Neuronal lysosomes

Abstract

Lysosomes support diverse cellular functions by acting as sites of macromolecule degradation and nutrient recycling. The degradative abilities of lysosomes are conferred by a lumen that is characterized by an acidic pH and which contains numerous hydrolases that support the breakdown of major cellular macromolecules to yield cellular building blocks (amino acids, nucleic acids, sugars, lipids and metals) that are transported into the cytoplasm for their re-use. In addition to these important hydrolytic and recycling functions, lysosomes also serve as a signaling platform that integrates nutrient and metabolic cues to control signaling via the mTORC1 pathway. Due to their extreme longevity, polarity, demands of neurotransmission and metabolic activity, neurons are particularly sensitive to perturbations in lysosome function. The dependence of neurons on optimal lysosome function is highlighted by insights from human genetics that link lysosome dysfunction to a wide range of both rare and common neurological diseases. How then is lysosome function adapted to the unique demands of neurons? This review will focus on the roles played by lysosomes in distinct neuronal sub-compartments, the regulation of neuronal lysosome sub-cellular localization and the implications of such neuronal lysosome regulation for both physiology and disease.

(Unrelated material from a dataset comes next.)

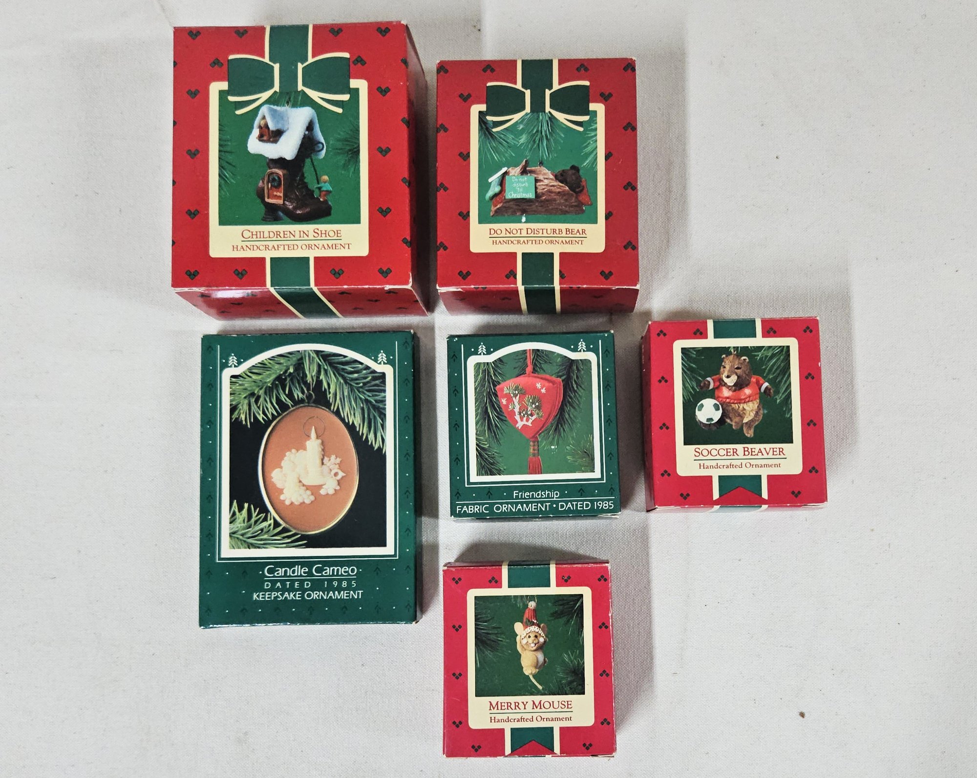 Group of ~6 assorted boxed Keepsake Ornaments including Children in Shoe, Do Not Disturb Bear, Friendship, Soccer Beaver, Merry Mouse, & Candle Cameo. Produced by Hallmark Cards, Inc.

Keywords: Alzheimer's disease; Autophagosome; Axon; Dendrite; Endosome; Hereditary spastic paraplegia; Lysosome; mTORC1.

Figure 1

Schematic representation of the dependence of lysosomes on membrane traffic from the secretory pathway (ER and Golgi) to endosomes for the delivery of proteins supporting lysosome biogenesis and maintenance. Meanwhile, the endocytic and autophagy pathways both deliver substrates for lysosomes to degrade. Although all of these organelles can be found in close proximity in neuronal cell bodies, the Golgi is not found in axons. Meanwhile autophagosomes form robustly in distal parts of neurons that can be separated from the cell body by more than a meter in the longest human neurons. This raises challenges for the ability of lysosomes to receive newly synthesized enzymes from the secretory pathway in order to mediate degradative functions at the most distal sites within neurons.

Figure 2

Confocal image of lysosomes (LAMP1 signal, green) in mouse cortical neurons in culture along with MAP2B staining (red) which labels microtubules of neuronal dendrites. The asterisks indicate the position of non-neuronal lysosome signals arising from underlying glial cells. Although LAMP1 staining is commonly used to define lysosome distribution, due to the close relationship between lysosomes and other organelles of the secretory and endocytic pathways (Figure 1), the use of antibodies against multiple lysosomal proteins, including luminal hydrolases, is advisable for the definitive lysosome identification (Scale bar = 10 μm).